The output should contain the listing word for word and no pictures.

______

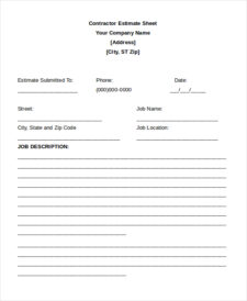 Contractor Bid Estimate Samples 5 Free Construction Estimate Templates
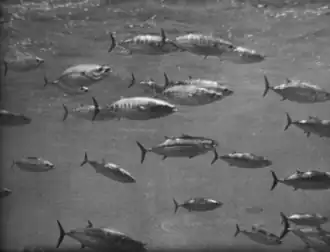 Charles H. Gilbert left Kewalo Basin on 8 or 9 October 1958 (source gives both dates) to begin her 42nd cruise, intending to make further observations of skipjack feeding behavior in Hawaiian waters.[93] She spent the first half of her cruise in Hawaiian waters, but skipjack were so scarce that she could accomplish nothing, so she moved south to the Line Islands.[93] As POFI scientists expected, she found skipjack there,[93] sighting 39 confirmed schools of skipjack or yellowfin.[94] Scientists used her submersible platform to observe the reaction of skipjack and yellowfin to lamp black dye, chumming with tilapia and mullet, and water sprays.[94] For the first time, scientists were able to observe directly the behavior of yellowfin and compare it to that of skipjack, and they discovered that yellowfin behaved much like skipjack except that they tended to swim below the skipjack at a depth of about 10 feet (3 m) and dash upward to feed on tilapia or mullet chum.[94] She also spent one day each fishing for bait at Fanning Island and Palmyra Island, finding mostly mullet in the 3-to-8-inch (7.6 to 20 cm) range.[94] She returned to Kewalo Basin on 17 November 1958.[93] The turbulence created by the submersible observation platform greatly interfered with its ability to support effective underwater photography and film-making, and it was removed from Charles H. Gilbert after her return to port.[95] The USFWS began to consider alternatives – such as installing underwater television and a porthole in the vessel's hull below the waterline — and their relative costs.[95]
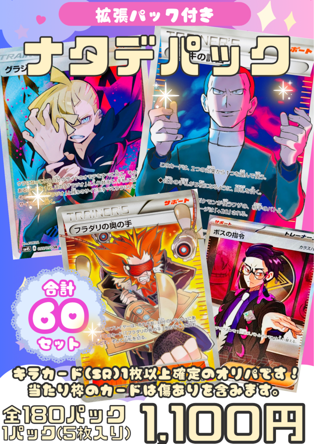 〜ナタデココオリパ 2026 vol.17〜 ◆ナタデパック グリーンver.◆ ポケモンカード 1パック1,100円(税込)オリパ ・3パックを1セットとして販売(1,100円×3口=3,300円) ・1パック5枚入り 全180パック 合計60セット ・送料は一律250円(ゆうパケット) ・1回の購入制限お一人様1セットまで(もちろん追加購入も大歓迎です⭕️) 今回のオリパはSR(HR/UR/SSR/SAR/P等含む)確定のオリパです❣️ さらに公式さんの拡張パックも1セットにつき1パックプレゼント❣️ ぜひ比較して開封お楽しみいただけたら幸いです(* .ˬ.) 通常販売時の演出オリパに比べて状態の許容範囲も広めですので 当たり枠も含め一律プレイ用のアウトレットオリパとお考えくださいませ。 拡張パックはスカーレット&バイオレット以降のものが中心ですが、一部ソード&シールドのパックもございます。ハイクラスパックも少数ご用意がございますが、基本的にはおまけですので過度な期待はしないでくださいね(⋆ᴗ͈ˬᴗ͈)” ☆大当たり☆ ・サカキの計画【SR】{064/059} ・フラダリの奥の手【SR】{095/088} ・グラジオ【SR】{055/050} ・ボスの指令/カラスバ(SR仕様)【-】{760/742} ⭐️ご注意⭐️ <カードの内容について> 私のオリパは現行レギュレーションのカードはもちろん、それ以前のSM(GX)、XY(EX)、BW、DP、カードe、旧裏などコレクターの方向けのカードも封入しています«٩(*´ ꒳ `*)۶» カードのお値段についてはネットショップさんの販売価格を参考にしております...φ( ˙꒳˙ )ホォホォ シャッフルして購入口数分選択するため、内容に偏りがある場合もございます( ´•ᴗ•ก) <カードの状態について> 状態許容範囲・・・A、A-、B、C ❤️グレーディングについて❤️ 状態A・・・美品 状態A-・・・やや傷や汚れあり 状態B・・・傷や汚れあり 状態C・・・目立つ傷や汚れあり ※詳細はこちら\_( '-' ) https://natadecoco.pokemon-card.shop/p/00001 ナタデパックは通常販売時の演出オリパに比べて状態の許容範囲が広めです。 当たり枠も含め、一律プレイ用のアウトレットオリパとお考えくださいませ。 そのため、カードの状態での返品等の対応は出来かねてしまいます。 なにとぞご了承のほど、よろしくお願いいたします。 今後の商品作りに活かしていきたいと思っておりますので、レビューにて傷の状態について皆さんのご意見お聞かせいただけたら嬉しいです! <発送・支払方法について> 基本的にご注文後、3~4日以内に発送させていただきます❣️ 発送後の事故は保証できません( ´•̥ω•̥`) コンビニ払いにも対応できるようになりました((⊂(。`・ω・´。)⊃))バーン おまとめ発送には対応することができません('ω'乂) <最後に> 日頃みなさんから買取させて頂いたカードも入っています❣️ 貴重なカードをいつも本当にありがとうございます☺️ レビュー・開封ポストご協力ありがとうございます❣️ 開封ポストの際は#ナタコレを付けていただけたら嬉しいです(o・ω-人) ご不明点ございましたらお気軽にお問い合わせください。 お問合せはコチラから\_( '-' ) < E-mail > ショップ情報 ⏩ ショップへのお問い合わせ ⏩ Eメール送信 < Twitter > @natadecoco_shop ⏩ DM送信 ⭐️古物商許可情報⭐️ 千葉県公安委員会 許可証の番号:第441120001326号
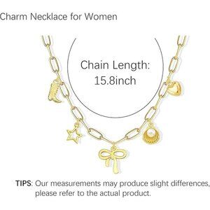 Gold Charm Necklace: The multi-element combination necklace and comes with an extension chain that can be adjusted to fit your neck comfortably.
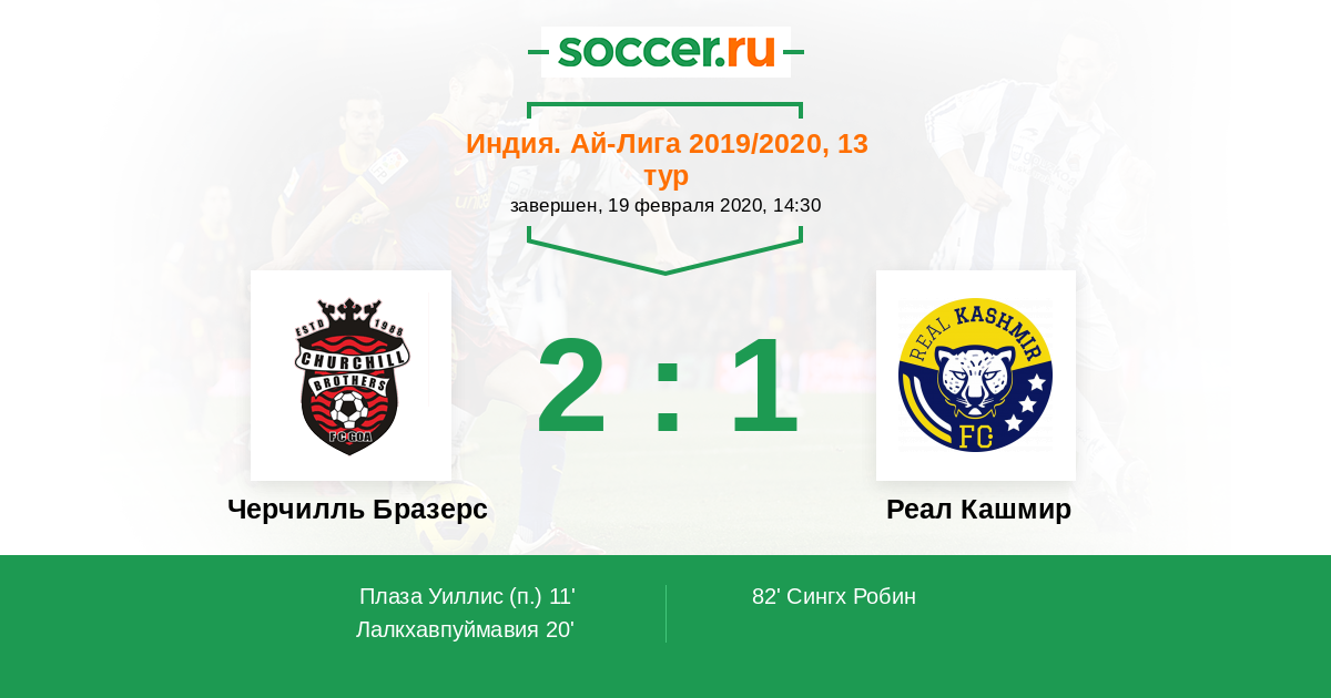 Протокол матча Черчилль Бразерс против Реал Кашмир
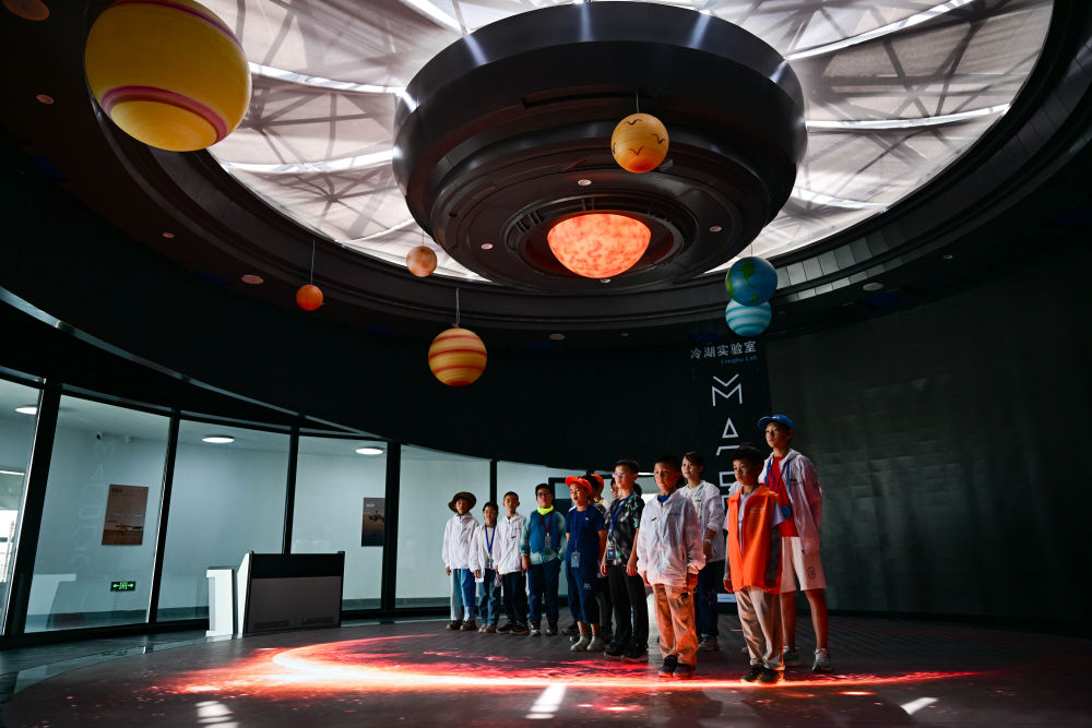 2025年7月29日,參加暑期研學的小朋友在青海省海西蒙古族藏族自治州冷湖鎮“冷湖實驗室”學習天文知識。冷湖鎮曾是因石油而興、又因油盡而沉寂的工業遺址小鎮。然而,得天獨厚的地理條件,讓冷湖鎮成為理想的觀星地。近年來,當地發展科幻特色文旅,讓戈壁小鎮煥發新的生機。冷湖天文觀測基地引進十餘家科研單位的數十台望遠鏡,依託天文資源和戈壁奇景,打造火星實驗室、黑獨山等“出圈”地標。連續舉辦多屆的“冷湖科幻文學獎”,更讓這片土地成為科幻創作的新高地。冷湖鎮以科幻點亮文旅新場景,也為中國西北工業小鎮的轉型探索出一條充滿想象力的新路徑。

______

Response area:
 Contractor Bid Estimate Samples 5 Free Construction Estimate Templates
 Charles H. Gilbert left Kewalo Basin on 8 or 9 October 1958 (source gives both dates) to begin her 42nd cruise, intending to make further observations of skipjack feeding behavior in Hawaiian waters.[93] She spent the first half of her cruise in Hawaiian waters, but skipjack were so scarce that she could accomplish nothing, so she moved south to the Line Islands.[93] As POFI scientists expected, she found skipjack there,[93] sighting 39 confirmed schools of skipjack or yellowfin.[94] Scientists used her submersible platform to observe the reaction of skipjack and yellowfin to lamp black dye, chumming with tilapia and mullet, and water sprays.[94] For the first time, scientists were able to observe directly the behavior of yellowfin and compare it to that of skipjack, and they discovered that yellowfin behaved much like skipjack except that they tended to swim below the skipjack at a depth of about 10 feet (3 m) and dash upward to feed on tilapia or mullet chum.[94] She also spent one day each fishing for bait at Fanning Island and Palmyra Island, finding mostly mullet in the 3-to-8-inch (7.6 to 20 cm) range.[94] She returned to Kewalo Basin on 17 November 1958.[93] The turbulence created by the submersible observation platform greatly interfered with its ability to support effective underwater photography and film-making, and it was removed from Charles H. Gilbert after her return to port.[95] The USFWS began to consider alternatives – such as installing underwater television and a porthole in the vessel's hull below the waterline — and their relative costs.[95]
 〜ナタデココオリパ 2026 vol.17〜 ◆ナタデパック グリーンver.◆ ポケモンカード 1パック1,100円(税込)オリパ ・3パックを1セットとして販売(1,100円×3口=3,300円) ・1パック5枚入り 全180パック 合計60セット ・送料は一律250円(ゆうパケット) ・1回の購入制限お一人様1セットまで(もちろん追加購入も大歓迎です⭕️) 今回のオリパはSR(HR/UR/SSR/SAR/P等含む)確定のオリパです❣️ さらに公式さんの拡張パックも1セットにつき1パックプレゼント❣️ ぜひ比較して開封お楽しみいただけたら幸いです(* .ˬ.) 通常販売時の演出オリパに比べて状態の許容範囲も広めですので 当たり枠も含め一律プレイ用のアウトレットオリパとお考えくださいませ。 拡張パックはスカーレット&バイオレット以降のものが中心ですが、一部ソード&シールドのパックもございます。ハイクラスパックも少数ご用意がございますが、基本的にはおまけですので過度な期待はしないでくださいね(⋆ᴗ͈ˬᴗ͈)” ☆大当たり☆ ・サカキの計画【SR】{064/059} ・フラダリの奥の手【SR】{095/088} ・グラジオ【SR】{055/050} ・ボスの指令/カラスバ(SR仕様)【-】{760/742} ⭐️ご注意⭐️ <カードの内容について> 私のオリパは現行レギュレーションのカードはもちろん、それ以前のSM(GX)、XY(EX)、BW、DP、カードe、旧裏などコレクターの方向けのカードも封入しています«٩(*´ ꒳ `*)۶» カードのお値段についてはネットショップさんの販売価格を参考にしております...φ( ˙꒳˙ )ホォホォ シャッフルして購入口数分選択するため、内容に偏りがある場合もございます( ´•ᴗ•ก) <カードの状態について> 状態許容範囲・・・A、A-、B、C ❤️グレーディングについて❤️ 状態A・・・美品 状態A-・・・やや傷や汚れあり 状態B・・・傷や汚れあり 状態C・・・目立つ傷や汚れあり ※詳細はこちら\_( '-' ) https://natadecoco.pokemon-card.shop/p/00001 ナタデパックは通常販売時の演出オリパに比べて状態の許容範囲が広めです。 当たり枠も含め、一律プレイ用のアウトレットオリパとお考えくださいませ。 そのため、カードの状態での返品等の対応は出来かねてしまいます。 なにとぞご了承のほど、よろしくお願いいたします。 今後の商品作りに活かしていきたいと思っておりますので、レビューにて傷の状態について皆さんのご意見お聞かせいただけたら嬉しいです! <発送・支払方法について> 基本的にご注文後、3~4日以内に発送させていただきます❣️ 発送後の事故は保証できません( ´•̥ω•̥`) コンビニ払いにも対応できるようになりました((⊂(。`・ω・´。)⊃))バーン おまとめ発送には対応することができません('ω'乂) <最後に> 日頃みなさんから買取させて頂いたカードも入っています❣️ 貴重なカードをいつも本当にありがとうございます☺️ レビュー・開封ポストご協力ありがとうございます❣️ 開封ポストの際は#ナタコレを付けていただけたら嬉しいです(o・ω-人) ご不明点ございましたらお気軽にお問い合わせください。 お問合せはコチラから\_( '-' ) < E-mail > ショップ情報 ⏩ ショップへのお問い合わせ ⏩ Eメール送信 < Twitter > @natadecoco_shop ⏩ DM送信 ⭐️古物商許可情報⭐️ 千葉県公安委員会 許可証の番号:第441120001326号
 Gold Charm Necklace: The multi-element combination necklace and comes with an extension chain that can be adjusted to fit your neck comfortably.
 Протокол матча Черчилль Бразерс против Реал Кашмир
 2025年7月29日,參加暑期研學的小朋友在青海省海西蒙古族藏族自治州冷湖鎮“冷湖實驗室”學習天文知識。冷湖鎮曾是因石油而興、又因油盡而沉寂的工業遺址小鎮。然而,得天獨厚的地理條件,讓冷湖鎮成為理想的觀星地。近年來,當地發展科幻特色文旅,讓戈壁小鎮煥發新的生機。冷湖天文觀測基地引進十餘家科研單位的數十台望遠鏡,依託天文資源和戈壁奇景,打造火星實驗室、黑獨山等“出圈”地標。連續舉辦多屆的“冷湖科幻文學獎”,更讓這片土地成為科幻創作的新高地。冷湖鎮以科幻點亮文旅新場景,也為中國西北工業小鎮的轉型探索出一條充滿想象力的新路徑。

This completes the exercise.